> **Problem statement**
Look through the records below for the line holding "Aeschylus was one". Write it out exactly, with each following line through the line holding "Floral Girls Baby".

Saved entries:
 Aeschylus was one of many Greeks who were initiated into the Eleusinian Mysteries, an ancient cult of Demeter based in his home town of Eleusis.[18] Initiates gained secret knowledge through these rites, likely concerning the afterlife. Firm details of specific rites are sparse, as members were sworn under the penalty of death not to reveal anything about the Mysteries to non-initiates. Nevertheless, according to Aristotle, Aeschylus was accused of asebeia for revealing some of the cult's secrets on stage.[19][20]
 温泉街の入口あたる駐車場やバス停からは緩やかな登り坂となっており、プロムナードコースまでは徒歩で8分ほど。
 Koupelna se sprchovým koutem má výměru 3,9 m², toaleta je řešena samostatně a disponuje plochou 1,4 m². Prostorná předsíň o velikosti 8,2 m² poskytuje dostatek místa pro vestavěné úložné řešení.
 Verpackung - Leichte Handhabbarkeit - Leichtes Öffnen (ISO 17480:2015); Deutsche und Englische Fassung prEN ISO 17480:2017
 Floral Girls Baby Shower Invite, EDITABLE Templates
==
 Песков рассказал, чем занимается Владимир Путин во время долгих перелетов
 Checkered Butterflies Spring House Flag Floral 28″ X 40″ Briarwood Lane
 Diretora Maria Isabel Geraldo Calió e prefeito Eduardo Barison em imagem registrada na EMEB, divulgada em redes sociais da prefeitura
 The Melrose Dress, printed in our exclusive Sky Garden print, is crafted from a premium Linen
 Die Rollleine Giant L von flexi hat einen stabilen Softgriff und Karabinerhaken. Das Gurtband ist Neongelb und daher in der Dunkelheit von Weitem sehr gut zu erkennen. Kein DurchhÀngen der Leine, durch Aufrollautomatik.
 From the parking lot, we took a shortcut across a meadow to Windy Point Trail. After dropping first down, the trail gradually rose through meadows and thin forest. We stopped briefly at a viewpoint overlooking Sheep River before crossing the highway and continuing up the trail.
==
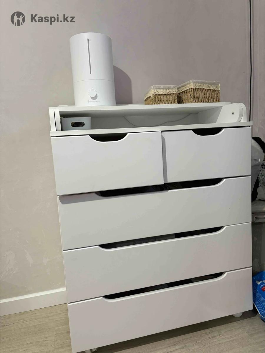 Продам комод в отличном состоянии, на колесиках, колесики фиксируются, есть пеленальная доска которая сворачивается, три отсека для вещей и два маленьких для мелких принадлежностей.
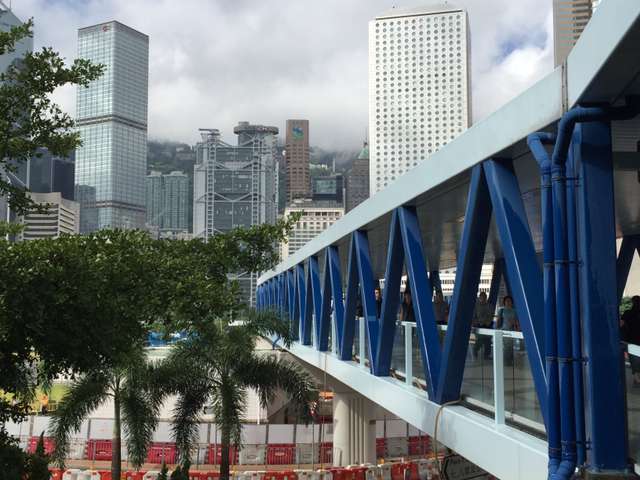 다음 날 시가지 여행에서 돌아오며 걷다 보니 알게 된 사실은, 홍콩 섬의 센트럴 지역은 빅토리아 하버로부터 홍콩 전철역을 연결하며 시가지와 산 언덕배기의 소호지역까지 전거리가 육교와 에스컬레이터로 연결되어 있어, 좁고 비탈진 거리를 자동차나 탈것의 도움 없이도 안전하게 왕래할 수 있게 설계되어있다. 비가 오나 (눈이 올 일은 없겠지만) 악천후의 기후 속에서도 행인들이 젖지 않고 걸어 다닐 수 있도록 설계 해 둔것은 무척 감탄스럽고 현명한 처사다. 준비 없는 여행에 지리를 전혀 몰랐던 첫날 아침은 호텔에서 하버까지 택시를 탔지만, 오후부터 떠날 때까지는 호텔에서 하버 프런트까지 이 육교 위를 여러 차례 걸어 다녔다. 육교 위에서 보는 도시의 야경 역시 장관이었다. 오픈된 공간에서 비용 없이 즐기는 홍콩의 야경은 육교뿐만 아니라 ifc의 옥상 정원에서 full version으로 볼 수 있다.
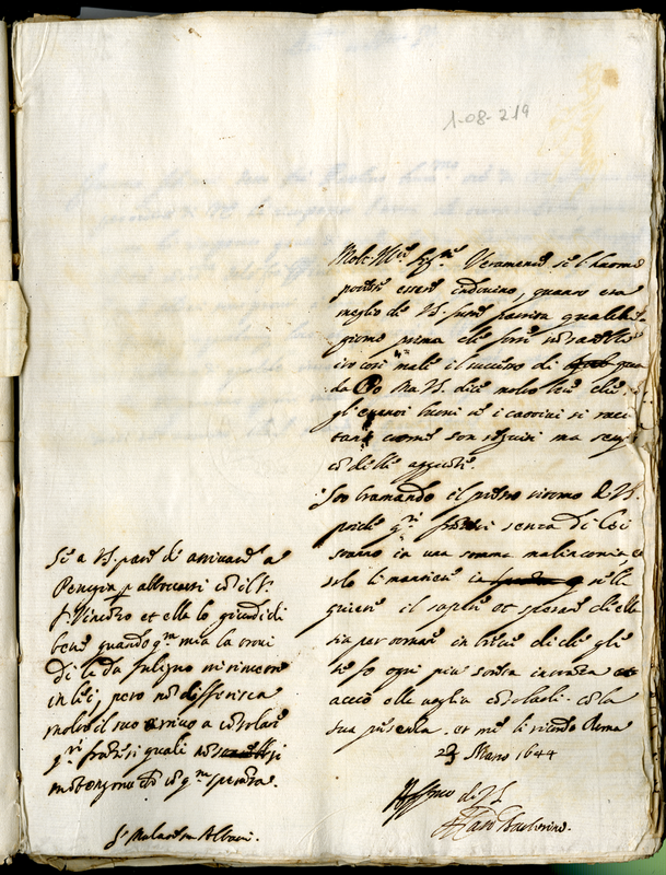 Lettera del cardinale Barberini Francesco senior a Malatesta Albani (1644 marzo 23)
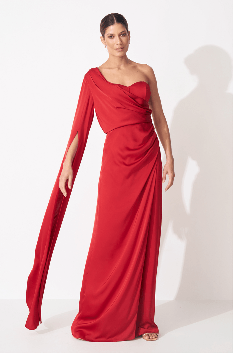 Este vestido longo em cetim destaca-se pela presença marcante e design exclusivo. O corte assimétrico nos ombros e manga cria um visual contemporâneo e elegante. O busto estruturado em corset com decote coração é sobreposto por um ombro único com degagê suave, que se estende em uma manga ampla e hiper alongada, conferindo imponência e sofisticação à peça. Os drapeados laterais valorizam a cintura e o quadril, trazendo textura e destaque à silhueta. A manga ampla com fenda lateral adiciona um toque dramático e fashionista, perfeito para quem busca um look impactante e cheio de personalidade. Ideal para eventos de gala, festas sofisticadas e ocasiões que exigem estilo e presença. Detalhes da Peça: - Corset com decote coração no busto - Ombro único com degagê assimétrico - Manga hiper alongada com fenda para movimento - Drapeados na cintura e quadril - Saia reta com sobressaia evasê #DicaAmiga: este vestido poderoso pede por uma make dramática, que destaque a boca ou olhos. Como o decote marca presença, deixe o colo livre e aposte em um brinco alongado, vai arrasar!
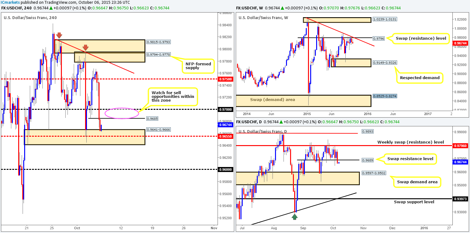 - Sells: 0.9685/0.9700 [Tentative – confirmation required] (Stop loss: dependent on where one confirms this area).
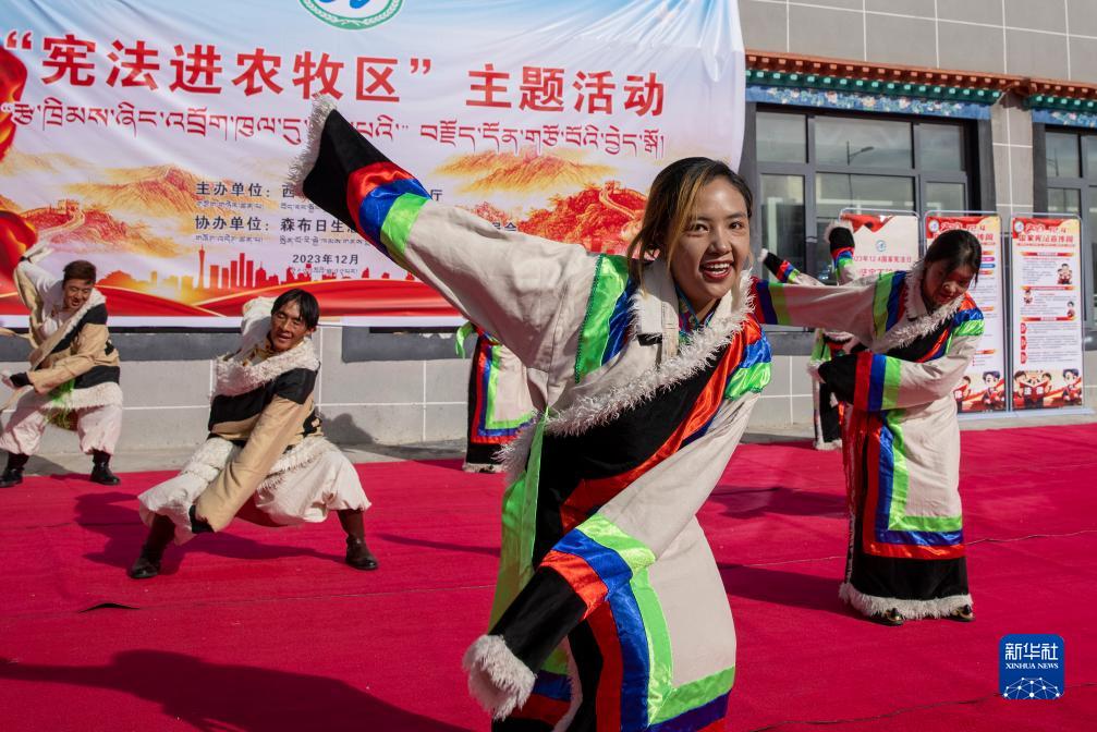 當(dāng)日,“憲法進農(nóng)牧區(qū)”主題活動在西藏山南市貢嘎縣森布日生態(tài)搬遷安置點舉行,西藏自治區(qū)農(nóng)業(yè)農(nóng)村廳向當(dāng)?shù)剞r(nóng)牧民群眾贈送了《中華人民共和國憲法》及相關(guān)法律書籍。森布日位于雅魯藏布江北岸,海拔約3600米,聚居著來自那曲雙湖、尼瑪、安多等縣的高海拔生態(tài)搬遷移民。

> **Task response**
 Aeschylus was one of many Greeks who were initiated into the Eleusinian Mysteries, an ancient cult of Demeter based in his home town of Eleusis.[18] Initiates gained secret knowledge through these rites, likely concerning the afterlife. Firm details of specific rites are sparse, as members were sworn under the penalty of death not to reveal anything about the Mysteries to non-initiates. Nevertheless, according to Aristotle, Aeschylus was accused of asebeia for revealing some of the cult's secrets on stage.[19][20]
 温泉街の入口あたる駐車場やバス停からは緩やかな登り坂となっており、プロムナードコースまでは徒歩で8分ほど。
 Koupelna se sprchovým koutem má výměru 3,9 m², toaleta je řešena samostatně a disponuje plochou 1,4 m². Prostorná předsíň o velikosti 8,2 m² poskytuje dostatek místa pro vestavěné úložné řešení.
 Verpackung - Leichte Handhabbarkeit - Leichtes Öffnen (ISO 17480:2015); Deutsche und Englische Fassung prEN ISO 17480:2017
 Floral Girls Baby Shower Invite, EDITABLE Templates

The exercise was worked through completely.